А утром просыпаешься от крика дневального в позе эмбриона и ногой так осторожненько, толчками пробиваешь путь из относительно теплого кокона наружу сквозь смерзшиеся, схватившиеся ледяной коркой простыни. Одеяла тепла не держали, мы начали использовать поверх одеял матрасы, стало легче. Несмотря на то, что в роте всегда спало около пятидесяти человек, нагреть помещение собственными телами мы не могли. Помещение не было приспособлено к холодам. Большое количество окон, плохонькие одинарные рамы, не утепленная, большая по площади крыша тепла не держали. Внутри помещения градусник выше нуля не поднимался.

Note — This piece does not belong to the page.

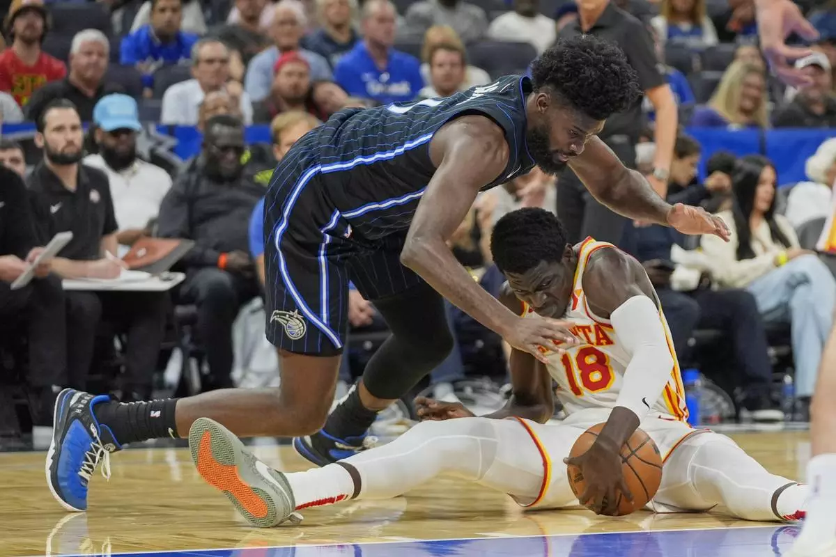 Atlanta Hawks forward Mouhamed Gueye (18) and Orlando Magic forward Jonathan Isaac, left, battle for a loose ball during the second half of an NBA basketball game, Tuesday, April 8, 2025, in Orlando, Fla. (AP Photo/John Raoux)

Несмотря на наличие в части в определенных количествах и садистов и мазохистов, в эти дни на зарядку мы не выбегали, нас не выгоняли. Достаточно нам было того, что, как и раньше, в столовку мы должны были маршировать в хэбэ. Ну не была предусмотрена раздевалка в нашей столовой. Чтобы не кричать всем и каждому «быстро в строй, не май месяц, чушок!», по команде «на построение» мы собирались в коридоре перед дверью все вместе и только тогда быстро выскакивали на улицу, строились и маршировали в столовую в темпе рок-н-ролла. В команде «шире шаг!» необходимости не было. Конечно, это только в том случае, если Людка утром Корнюшу дала. А если не дала, то старшина в туго перетянутой портупеей длинной офицерской шинелке, только что приехавший из теплого дома, мог держать нас на аллейке сколь угодно долго. Страшно стыли руки.
Ночью в казарме мороз, утром надо умыться ледяной водой. Не успевшая стечь в канализацию вода замерзала в железной раковине. Чтобы почистить зубы, воду приходится греть в ладонях, ледяная вода сводит пальцы, потом в хэбэшечке на завтрак, утренний развод на продуваемом плацу, обжигающая лицо поездка в кузове машины на работу, а приезжаешь на Кулиндорово, там Гажийский, скотина, вагончик не протопил. Сам, паскуда, домой ездил ночевать, а приехал за десять минут до нашего появления, только успел бумагу в печке разжечь. Так и хотелось убить его, падлу. Орали на него все. Он оправдывался тем, что если печь топить всю ночь, то можно угореть, поэтому он уезжает ночевать домой. Это правда — печка работала неважно, топили мы углем и при малейшем ветерке дым задувало внутрь вагончика. К вечеру во рту было неприятно кисло, болела голова. Поэтому мы были не против, чтобы Вовка ночевал дома, но мог же он приезжать пораньше и протапливать вагончик — мы так нуждались в тепле.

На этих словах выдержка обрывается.